The nation’s top railroad regulator said Wednesday she will enforce a Dec. 31 deadline for commuter and freight railroads to install safety technology that experts say could have prevented a deadly Amtrak derailment last month.
Sarah Feinberg, acting chief of the Federal Railroad Administration, told a House subcommittee that she sympathizes with railroad officials who have said they are unlikely to meet the congressionally mandated deadline.
But Feinberg said that unless Congress acts to extend the deadline, she has no choice but to require railroads to install a technology known as positive train control by the end of the year. Railroads that fail to meet the deadline could face fines of up to $25,000 per day.
“We really do run into a problem on Jan. 1 where the law is the law,” Feinberg told a House Transportation subcommittee. “I can’t extend the deadline, and I won’t extend the deadline.”

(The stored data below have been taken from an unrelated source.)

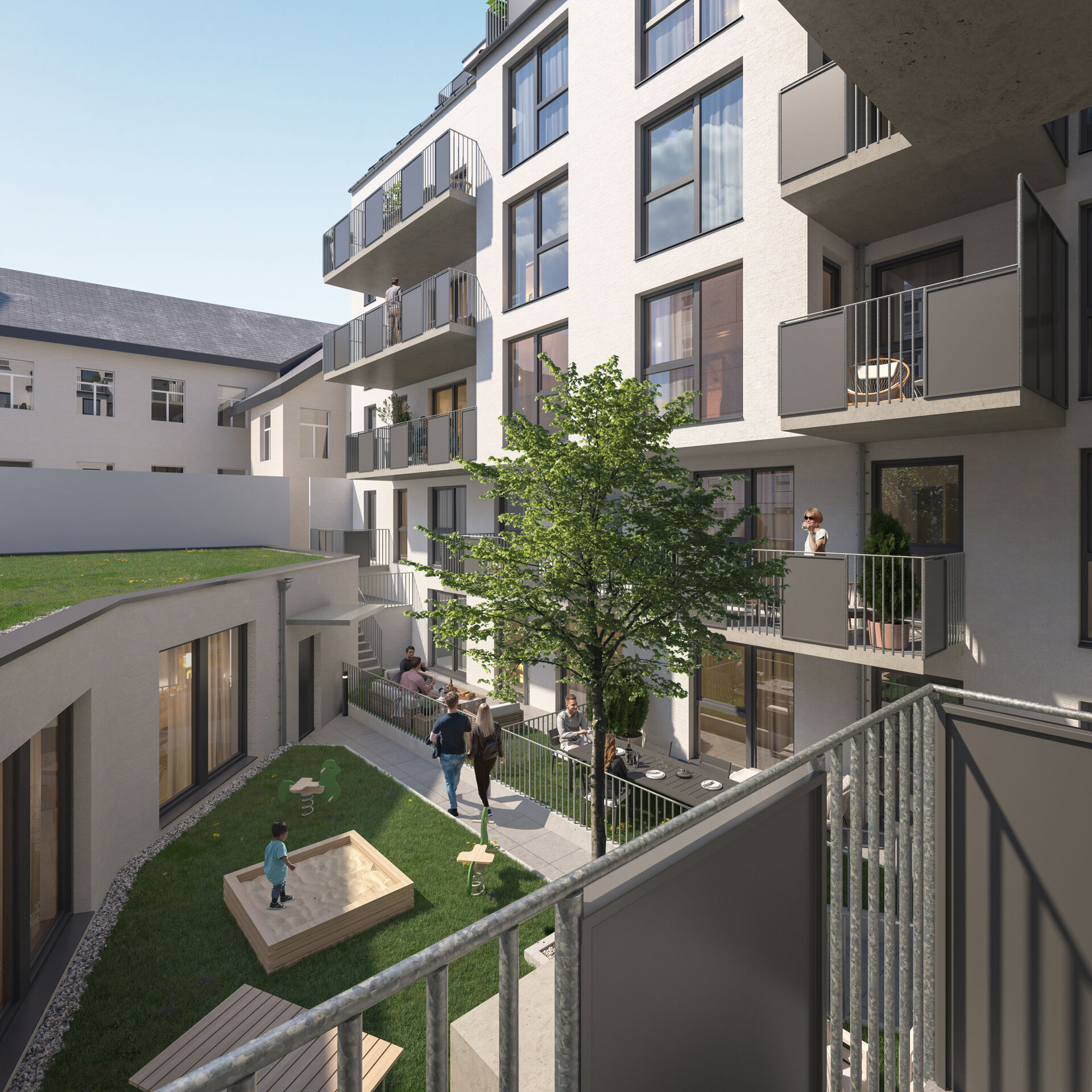 Die Beheizung und Kühlung erfolgen über ein nachhaltiges Energiekonzept mit Wärmepumpe, Erdwärmesonden und Bauteilaktivierung. Begrünte Innenhofbereiche, Fassaden- und Dachflächen schaffen ein angenehmes Mikroklima und erhöhen die Aufenthaltsqualität.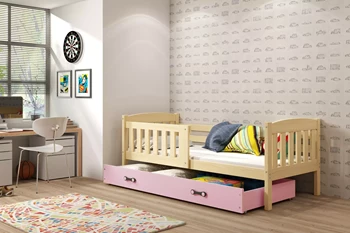 Jugendbett Jakob, 80x190, mit Matratze und Schublade, Kiefer/rosa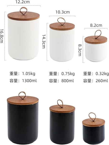 ・材質:セラミックス材質/木製の蓋。優れた陶器、厚いと固体、艶消し表面のテクスチャは、アプリケーションの全体のシリーズ、特に美しいです。サイズ:8.2cm*8.3cm / 10.3cm*14.3cm / 12.2cm*16.8cm;容量:260ml / 800ml / 1300ml
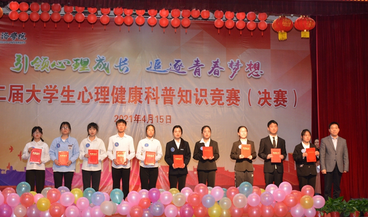 4月15日下午,威尼斯第二届大学生心理健康科普知识竞赛在大学生活动中心举办决赛。校党委副书记彭虎军莅临现场并为获奖人员颁奖。学生处负责人,各二级学院党总支书记、学工办主任、全体辅导员以及学生代表共400余人观看了比赛。

Congress mandated in 2008 that Amtrak, commuter railroads and freight railroads install positive train control by the end of this year. The technology can prevent trains from derailing because of excessive speed, as well as collisions between trains. The National Transportation Safety Board first recommended that trains use the technology in 1970. The agency has since investigated at least 140 accidents that positive train control could have prevented, including a May 12 derailment in Philadelphia that killed eight people and injured about 200.
Amtrak still has to do extensive testing of the system but has said it will meet the deadline in the busy Northeast Corridor between Boston and Washington.

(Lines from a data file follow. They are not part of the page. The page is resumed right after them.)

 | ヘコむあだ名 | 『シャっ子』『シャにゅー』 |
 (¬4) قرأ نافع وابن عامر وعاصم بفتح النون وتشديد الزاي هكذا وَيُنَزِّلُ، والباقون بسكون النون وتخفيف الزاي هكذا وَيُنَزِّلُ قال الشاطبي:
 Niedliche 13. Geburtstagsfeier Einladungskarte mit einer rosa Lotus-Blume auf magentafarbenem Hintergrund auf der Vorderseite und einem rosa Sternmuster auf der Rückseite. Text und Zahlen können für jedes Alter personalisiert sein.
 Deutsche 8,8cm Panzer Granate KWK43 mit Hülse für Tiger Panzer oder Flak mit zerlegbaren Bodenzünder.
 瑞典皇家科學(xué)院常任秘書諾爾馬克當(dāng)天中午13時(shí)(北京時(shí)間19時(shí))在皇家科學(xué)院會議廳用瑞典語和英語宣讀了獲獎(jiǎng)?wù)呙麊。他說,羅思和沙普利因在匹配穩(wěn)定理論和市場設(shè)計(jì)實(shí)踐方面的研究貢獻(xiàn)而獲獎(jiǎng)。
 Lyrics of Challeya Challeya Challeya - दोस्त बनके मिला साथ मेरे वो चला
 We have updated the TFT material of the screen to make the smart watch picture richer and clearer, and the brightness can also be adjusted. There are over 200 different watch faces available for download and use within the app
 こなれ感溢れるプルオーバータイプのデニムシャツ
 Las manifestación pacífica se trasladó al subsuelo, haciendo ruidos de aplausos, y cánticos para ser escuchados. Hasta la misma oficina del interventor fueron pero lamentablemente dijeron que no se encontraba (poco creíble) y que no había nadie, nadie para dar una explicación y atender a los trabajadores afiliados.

Most railroads, however, will not make the deadline. The nation’s largest freight railroads don’t expect to be ready until 2020.

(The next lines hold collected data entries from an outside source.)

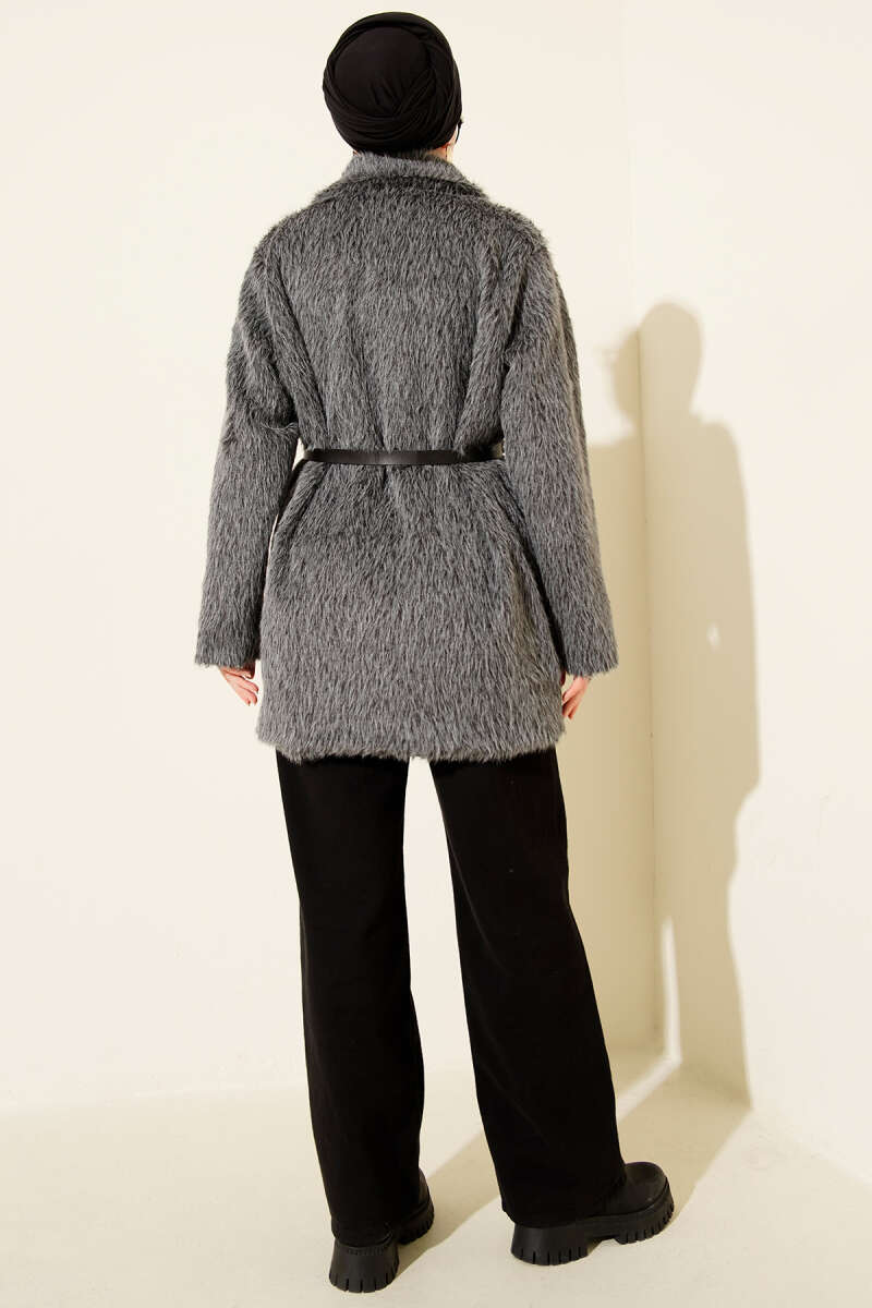 Atkı Detaylı Ekoseli Gömlek Antrasit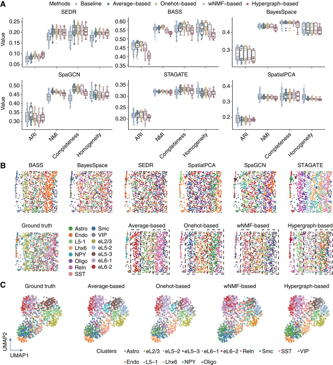 Performance of consensus clustering strategies on the mouse cortex data. (A) Consensus clustering accuracy of the BZ5 sample of the mouse cortex data set based on a single baseline algorithm. Each baseline algorithm and consensus strategy were repeated 10 times. (B) Visualization of clustering results of the baseline algorithm (top) and four consensus strategies (bottom right) on the BZ5 sample of mouse cortex data. (C) UMAP visualization comparing ground-truth cell type labels (leftmost) with clustering results from four consensus strategies.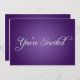 Esta invitación moderna de fiesta morada es perfecta para cualquier ocasión. Cuenta con un gradiente radial negro en la parte delantera con una fuente escrita con estilo que dice "Estás Invitado". ¡Perfecta para eventos corporativos o fiestas de cóctel! Todo el texto en la parte posterior es totalmente personalizable. ¡Agrega los detalles de tu fiesta!
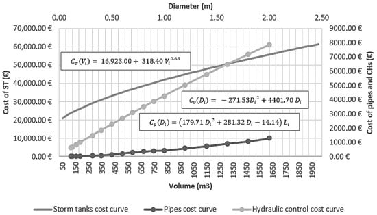 where CT(Vi) represents the cost in euros of the construction of a storm tank. Cmin represents the minimum cost of building a storm tank. Vi is the flood volume that the tank must store in cubic meters. Cvar and ω are coefficients corresponding to the analyzed project. The third structural investment cost function determined for this work was the cost of hydraulic control. To define this function, the cost of purchasing and installing valves of different diameters was analyzed. This analysis determined a second-degree polynomial function, shown in Equation (3).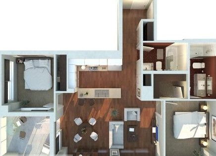 這是一套兩房?jī)蓮d兩衛(wèi)的公寓,因?yàn)槲魇讲惋嬘糜土枯^少,所以廚房都作成敞開(kāi)式,這在下面兩個(gè)案例中也是。這樣做的好處就是建筑師進(jìn)行室內(nèi)房型設(shè)計(jì)的時(shí)候可以避免考慮廚房的影響,而只要增加客廳面積就可以開(kāi)辟出一塊烹飪區(qū)域,并且,客廳、餐廳、廚房聯(lián)體的方式也使這一區(qū)域的利用率、視覺(jué)感覺(jué)都能達(dá)到最大。

Frank Lonegro, vice president for service design of CSX Transportation, one of the largest freight railroads, said potential fines will not make installation of positive train control occur any faster.
“If doesn’t matter how big the bear is running after you. We can’t run any faster,” Lonegro said.
CSX spent $300 million on positive train control, Lonegro said, calling it “an unprecedented technological challenge” for the industry. The company expects to instill needed hardware for positive train control by the end of 2018, with full deployment of the technology by the end of 2020, he said.
Obama administration officials have repeatedly asked Congress to give them power to extend the deadline on a case-by-case basis for railroads that demonstrate a sincere effort to install the technology. However, legislation introduced by Senate Commerce, Science and Transportation Committee Chairman John Thune, R-S.D., and other members of the committee would grant railroads a blanket extension for five to seven years.
Rep. Peter DeFazio, D-Ore., asked Feinberg what would happen if Congress offered railroads flexibility to install the technology as soon as it is practical to do so, both technologically and financially.
“I take my cues from the Congress, and I enforce what the Congress mandates,” she said.
Unless Congress acts, the FRA plans to go ahead with fines and penalties laid out under the law “and be transparent about our approach,” Feinberg said.